Burgemeester en wethouders zijn bevoegd het plan te wijzigen ten behoeve van geringe afwijkingen in het belang van een ruimtelijke of technisch beter verantwoorde plaatsing van gebouwen of bouwwerken geen gebouwen zijnde, of die noodzakelijk zijn in verband met de werkelijke toestand van het terrein.
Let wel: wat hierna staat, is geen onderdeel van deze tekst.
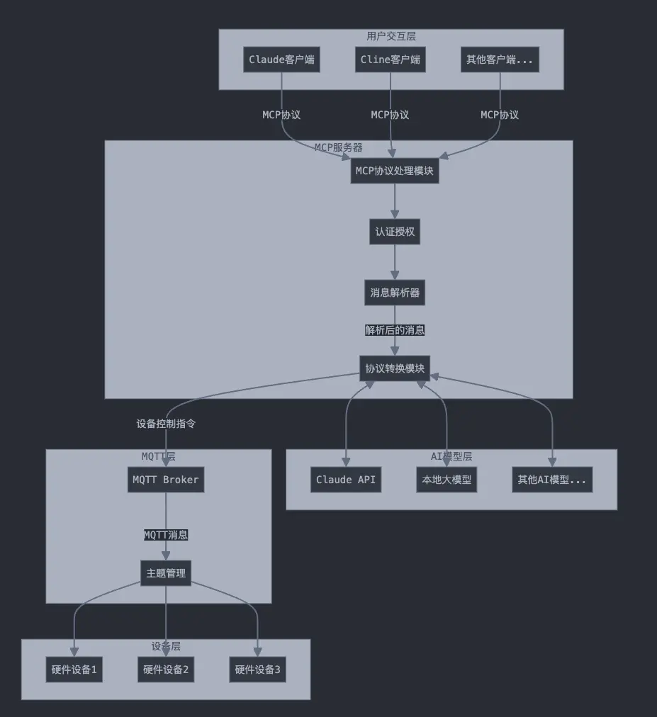 它通过将 Model Context Protocol (MCP) 与 MQTT 协议结合,打通了 AI 与硬件之间的通信桥梁。这意味着,你可以用自然语言来控制家中的智能设备、机器人或其他嵌入式系统,实现真正意义上的“AI + 物联网”。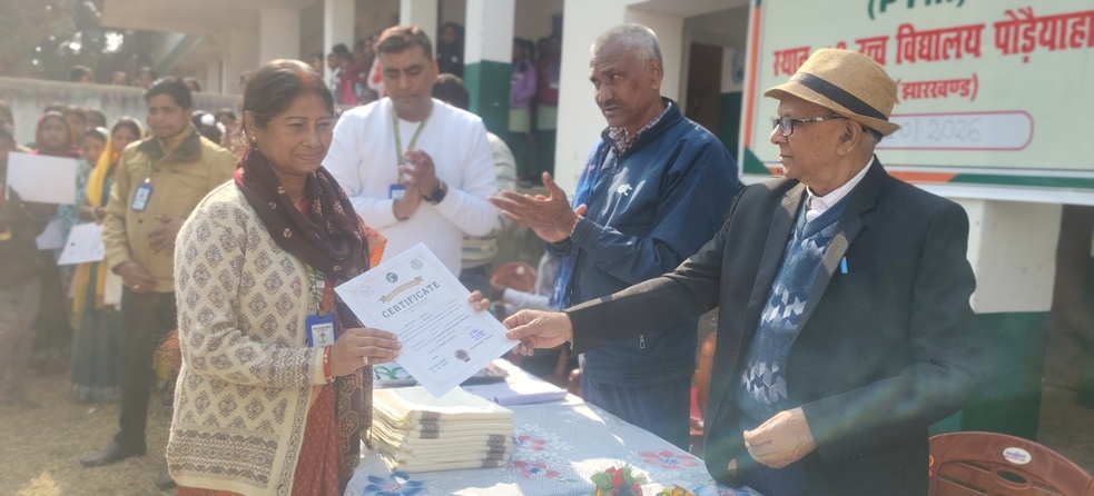 पोड़ैयाहाट प्रखंड स्थित प्लस टू उच्च विद्यालय, पोड़ैयाहाट में शुक्रवार को शिक्षक-अभिभावक संगोष्ठी सह सम्मान समारोह का आयोजन किया गया. कार्यक्रम की अध्यक्षता विद्यालय के प्राचार्य नीतीश कुमार ने की. इस अवसर पर मुख्य अतिथि के रूप में समाजसेवी श्यामानंद वत्स तथा विधायक प्रतिनिधि अजय शर्मा उपस्थित रहे. संगोष्ठी के दौरान उपस्थित अभिभावकों से अपने बच्चों को नियमित रूप से विद्यालय भेजने का आग्रह किया गया, ताकि उन्हें गुणवत्तापूर्ण शिक्षा प्रदान की जा सके. शिक्षकों ने बताया कि विद्यालय में पढ़ाई का वातावरण बेहतर है और शिक्षक पूरी निष्ठा से शिक्षण कार्य के लिए तत्पर हैं. उन्होंने यह भी जानकारी दिया कि इस वर्ष विद्यालय का मैट्रिक परीक्षा परिणाम अत्यंत सराहनीय रहा है. विद्यालय के शिक्षकों ने अभिभावकों को आश्वस्त किया कि यदि वे बच्चों को नियमित रूप से विद्यालय भेजेंगे, तो शिक्षक बेहतर शैक्षणिक परिणाम देने के लिए हरसंभव प्रयास करेंगे. समाजसेवी श्यामानंद वत्स एवं विधायक प्रतिनिधि अजय शर्मा ने भी अभिभावकों से बच्चों की शिक्षा को प्राथमिकता देने की अपील की. उन्होंने कहा कि यदि किसी प्रकार की समस्या हो तो उसे मिलकर दूर किया जाएगा. उन्होंने भावुक अपील करते हुए कहा कि आधी रोटी खाकर भी बच्चों की पढ़ाई में कोई कमी न छोड़ें, क्योंकि बच्चे ही माता-पिता और देश का भविष्य हैं. कार्यक्रम के अंत में बेहतर प्रदर्शन करने वाले छात्र-छात्राओं एवं शिक्षकों को मुख्य अतिथियों के हाथों प्रशस्ति पत्र एवं मेडल देकर सम्मानित किया गया. सम्मानित शिक्षकों में मोनिका कुमारी, अर्चना कुमारी, संगीता हांसदा, सपना साहा, नसीब मुर्मू, मनोज पंडित सहित अन्य शिक्षक शामिल थे. वहीं सम्मानित विद्यार्थियों में छोटू यादव, शिवम दास, शिवानी कुमारी तथा सुहागिन सोरेन के नाम प्रमुख रहे. कार्यक्रम का मंच संचालन शिक्षिका मोनिका कुमारी ने किया.

Hierbij zijn verschuivingen van de bestemmingsgrens met maximaal 5.00 meter toelaatbaar.

10.2 Procedureregel

Bij het toepassen van de bevoegdheid als bedoeld in lid 10.1 zijn de algemene procedureregels van artikel 11 van toepassing.

Artikel 11 Procedureregel

11.1 Procedure bij toepassing wijzigingsbevoegdheid

Indien in de regels naar deze bepaling is verwezen, is op de voorbereiding van een besluit tot wijziging van een bestemmingsplan de in afdeling 3.4 van de Algemene wet bestuursrecht geregelde procedure van toepassing.

Hoofdstuk 4 Overgangs- en slotregels

Artikel 12 Overgangsrecht

12.1 Overgangsrecht bouwwerken

Voor bouwwerken luidt het overgangsrecht als volgt:

  • a. een bouwwerk dat op het tijdstip van inwerkingtreding van het bestemmingsplan aanwezig of in uitvoering is, dan wel gebouwd kan worden krachtens een omgevingsvergunning voor het bouwen, en afwijkt van het plan, mag, mits deze afwijking naar aard en omvang niet wordt vergroot;
    • 1. gedeeltelijk worden vernieuwd of veranderd;
    • 2. na het teniet gaan ten gevolge van een calamiteit geheel worden vernieuwd of veranderd, mits de aanvraag van de omgevingsvergunning voor het bouwen wordt gedaan binnen twee jaar na de dag waarop het bouwwerk is teniet gegaan.
  • b. burgemeester en wethouders kunnen eenmalig in afwijking van het eerste lid een omgevingsvergunning verlenen voor het vergroten van de inhoud van een bouwwerk als bedoeld in het eerste lid met maximaal 10%.
  • c. het eerste lid is niet van toepassing op bouwwerken die weliswaar bestaan op het tijdstip van inwerkingtreding van het plan, maar zijn gebouwd zonder vergunning en in strijd met het daarvoor geldende plan, daaronder begrepen de overgangsbepaling van dat plan.
12.2 Overgangsrecht gebruik

Voor gebruik luidt het overgangsrecht als volgt:

  • a. het gebruik van grond en bouwwerken dat bestond op het tijdstip van inwerkingtreding van het bestemmingsplan en hiermee in strijd is, mag worden voortgezet;
  • b. het is verboden het met het bestemmingsplan strijdige gebruik, bedoeld in dit lid onder a, te veranderen of te laten veranderen in een ander met dat plan strijdig gebruik, tenzij door deze verandering de afwijking naar aard en omvang wordt verkleind;
  • c. indien het gebruik, bedoeld in dit lid onder a, na de inwerkingtreding van het plan voor een periode langer dan een jaar wordt onderbroken, is het verboden dit gebruik daarna te hervatten of te laten hervatten;
  • d. dit lid onder a is niet van toepassing op het gebruik dat reeds in strijd was met het voorheen geldende bestemmingsplan, daaronder begrepen de overgangsregeling van dat plan.

Artikel 13 Strafbepaling

Overtreding van het bepaalde in artikel 5, lid 3 is een strafbaar feit in de zin van artikel 1a onder 2 van de Wet op de economische delicten.

Artikel 14 Slotregel

Deze regels worden aangehaald als: Regels van het bestemmingsplan "Herziening Marconistraat 11".